Так спешила, что едва не попала в ловушку… и ведь не в первый раз.
– Иногда мне хочется столкнуться с ним лоб в лоб, сразиться честно, – вырывается у меня. Почти сразу я жалею о словах, понимая, что веду себя слишком самонадеянно, но, Небеса, как надоели подлые ловушки! – Он всегда действовал окольными путями, бил исподтишка. И в меня… и в леди Милдред. Был рядом, изводил уколами, истощал, а когда силы жертвы ослабевали, то завладевал ею.
Лайзо улыбается мягко, словно извиняясь, но с его бородой это выглядит по-разбойничьи:
– Так поступают все колдуны. Колдовство слабеет при свете дня, когда разум ясный, а воля тверда; оно прокладывает путь через сомнения и соблазны, во тьме. Впрочем, есть и сильное колдовство, но и платить за него приходится много. Я-то сам дюжину раз подумаю, прежде чем решиться, а уж Валх… Не думаю, что тому, кто застыл между жизнью и смертью, вообще есть чем платить. Всё, что мог, он уже отдал – просто чтобы не умереть.
Словно воочию, вижу снова горчично-жёлтый дым, ползучую смерть, гадкую и неотвратимую, и пугаюсь.
«И ты тоже не умирай, пожалуйста», – проносится мысль.
Во рту становится сухо.
– Ты… ты сам говорил, что меня ему так просто не достать. А я буду осторожнее.
– Пока судьба на твоей стороне, – отвечает Лайзо уклончиво, и неясно, то ли он предостерегает меня, то ли утешает. – Сейчас, спустя время, я задумываюсь о том, не Валх ли внушил Фрэнсис Марсден желание поквитаться с Эллисом любой ценой. Конечно, она и без того давно была ближе к демону, чем к смертному человеку, но всё же десять лет жить в покорности и скорби, а затем взбелениться… А Валху было бы это только на руку. Если б ты потеряла разом и двоих, и близкого друга Эллиса, и Мэдди, что тебе как сестра…

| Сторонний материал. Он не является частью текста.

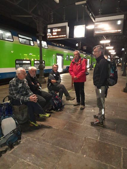 Prima dell’alba ci troviamo alla stazione di Domodossola con zaini e racchette, sotto gli sguardi perplessi di chi le levatacce le fa quotidianamente per andare al lavoro. Anche oggi la squadra tipo è costituita da badante e medico di turno che si occupano di quattro anziani, uno dei quali, oltre al mal d’auto, soffre anche il mal di treno. Se non fosse per l’età avanzata, dovremmo pensare in futuro di raggiungere i campi-base in bicicletta, come spesso facevano i nostri vecchi.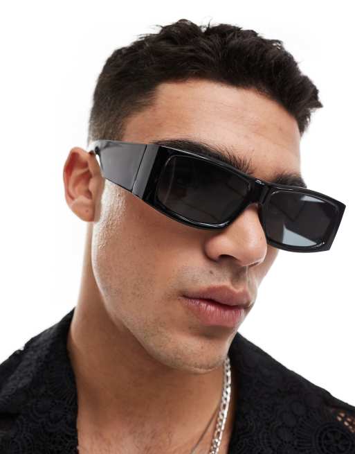 ASOS DESIGN flat brow square sunglasses in black
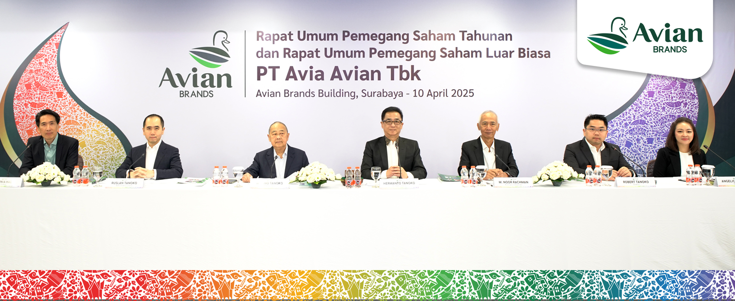 Surabaya, 10 April 2025 – PT Avia Avian Tbk (“AVIA” atau “Avian Brands”), produsen cat dekoratif terkemuka di Indonesia, telah menyelenggarakan Rapat Umum Pemegang Saham Tahunan (RUPST) dan Rapat Umum Pemegang Saham Luar Biasa (RUPSLB) pada hari ini di Surabaya. Rapat tersebut menghasilkan sejumlah keputusan strategis, termasuk pembagian dividen tunai, pelaksanaan program pembelian kembali saham (share buyback), serta pengangkatan anggota dewan komisaris independen.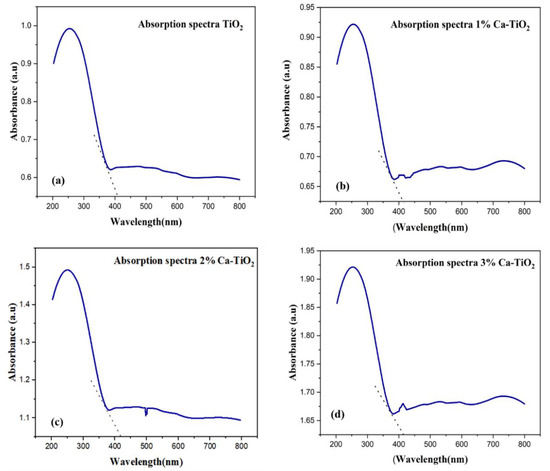 The UV-Vis absorption spectra of undoped TiO2 and Ca-doped TiO2 are presented in Figure 6. Undoped titania shows absorption values lesser as compared to Ca-doped titania, as shown in Figure 6a. For the Ca-doped titania, the absorption values are enhanced, as shown in Figure 6b–d, because of the higher thermodynamic forces which contribute to accelerating more photogenerated electrons from the absorber to the ETL [40]. A redshift is also observed in Figure 6b–d of the Ca-doped titania, which means the absorption range is shifted from the UV range to the visible. Enhanced absorption values in the range of 200–800 nm lead to the formation of another particle transition state for more electronic conduction and an effective reduction of the bandgap on doping, consequently enhancing the photovoltaic performance [41].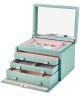 Pudełko na biżuterię Wolf x Liberty Julia Interior Print Sage 381051 w rozmiarze L to stylowy organizer zaprojektowany z myślą o przechowywaniu większej kolekcji biżuterii. Model utrzymano w eleganckiej zielonej kolorystyce, a wnętrze zdobi charakterystyczny nadruk Liberty Julia – delikatny kwiatowy motyw wywodzący się z projektu z lat 30. XX wieku, przygotowany w specjalnej wersji kolorystycznej dla WOLF. Konstrukcję wykonano z materiału pochodzenia biologicznego, natomiast wnętrze pokryto ultrasuede z technologią LusterLoc™, która wspiera ochronę biżuterii przed utratą blasku. W środku znajdują się 15 przegródek na różne elementy biżuterii, 3 wałki na pierścionki oraz 2 poduszki przeznaczone na zegarki. Całość zamykana jest na kluczyk.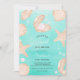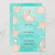Notre petite perle est en route ! Annoncez votre prochain baby shower avec des invitations peintes à la main, avec une jolie illustration de coquillages, d'huîtres, d'étoiles de mer en parties scintillant beige et faux or avec une perle irisée et des bulles d'eau sur bleu aquarelle dégradé océan arrière - plan. Le script de brosse moderne ajoute une touche d'élégance à ces invitations uniques qui sont parfaites pour toute célébration été et plage-océan.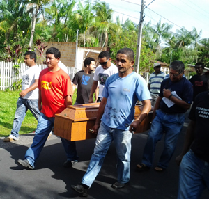 No enterro do companheiro Mamede, centenas de trabalhadores e ativistas estiveram presentes prestando homenagens e solidariedade a sua família e a sua luta. Oito companheiros do PSTU estiveram presentes. O companheiro Cleber Rabelo (PSTU), eleito vereador de Belém, também esteve presente e compôs a comissão que foi à delegacia para cobrar agilidade na apuração do crime e respeito aos moradores dos assentamentos.

С обескураживающей ясностью я сознаю, что он прав, а Валх и впрямь мог вмешаться. А это значит, что он начал всерьёз бить по тем, кто мне дорог, и отныне никто не в безопасности, и надо поспешить, надо найти способ избавиться от него…
Вот только способа пока нет.
Я чувствую горечь на губах – от страха.
– Умолкни! Довольно об этом, правда, не желаю слышать. Ни к чему меня пугать, если я и так осторожна… И ради всех святых, побрейся! – в моём голосе сквозит раздражение, и становится стыдно. Я понимаю, что уже наговорила лишнего – лишь оттого, что несколькими минутами раньше сильно испугалась за него, и добавляю, исправляясь: – Как ты здесь? Это ведь не Алмания.
Взгляд у него темнеет.
– Нет, но почти. Я… мы на северо-востоке Марсовии, у самой границы, которую пересечём завтра, самое большое, дня через два, когда откроется путь. Границу сторожат и с той стороны, и с этой, и тот, кто сунется, рискует получить пулю… Но с чем человеку не сдюжить, с тем справится колдун, – он коротко и зло смеётся, так непохоже на себя. – Когда я обещал твоему маркизу послужить Короне, то не об этом думал.